Unwilling to agree with the European Union's proposal to allow further tariff cuts under the proposed India-EU Bilateral Trade And Investment Agreement (BITA), India may ask the 27-nation trading block sign a free trade deal "within a narrow political window", an online media report says today.
India and EU are negotiating a Broad-based Trade and Investment Agreement (BTIA) since June 2007, but no breakthrough has yet been achieved due to strong differences on several of the issues.
The two sides have failed to bridge the gap on various crucial issues, including grating "data secure" status by EU and increasing equity cap on FDI in insurance sector by India.
The media report says, citing sources, that commerce & industry minister Anand Sharma has been advised to deliver a stern message to Karel De Gucht, his European counterpart EU's ambitious demands.
EU's demand is for TRIPS-plus measures is also another irritating issue. The Indian pharmaceutical industry fears that if this measures are accepted by India, this will have negative negative impact on healthcare in India and other developing and least developed countries.
The last round of negotiation between the two sides was held in May after the talks had gained some momentum from the ministerial-level talks held in Brussels previous month.
The Indian side seeks comfort and clarity on the market access being provided to India in Modes 1 and 4 and asked for assurance that these are actually effective on the ground.
In mode-1, India would need to be declared as data secure in order to provide access.

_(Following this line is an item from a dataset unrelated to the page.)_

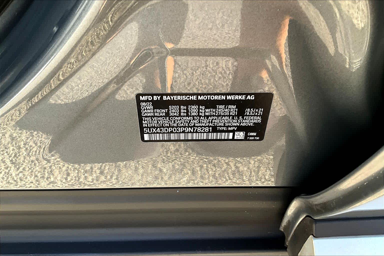 - VIN : 5UX43DP03P9N78281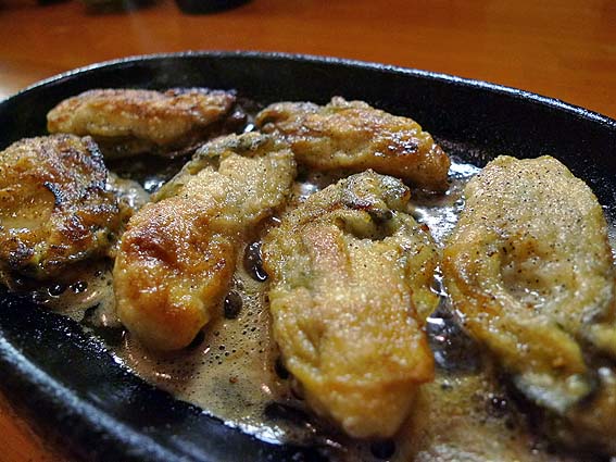でも、まちゃと家が到着するまでの間に、まず店主が出してくれたのはコチラ。牡蠣ソテー、うまし!!

Similarly, on Mode-4 i.e. movement of natural persons for providing services, India is pushing for better access and removal of safeguard clauses that may hamper the actual realisation of concessions offered by EU.
India also wants more access for domestic industry and Indian agricultural products.
The European side is concerned over some issues with regard to market access and patent issues.
Bilateral trade between India and EU in the year 2011 was US$ 108.80 billion which increased from US$ 83.46 billion in 2010. The exports in the year 2010 were US$ 41.15 billion which increased to US$ 54.74 billion in 2011.
On the other hand, imports in the year 2010 were US$ 42.32 billion which also increased to US$ 54.07 billion in 2011. For the period January- April 2012, export was US$ 16.17 billion and import was US$ 18.53 billion. The total trade for this period was US$ 34.7 billion.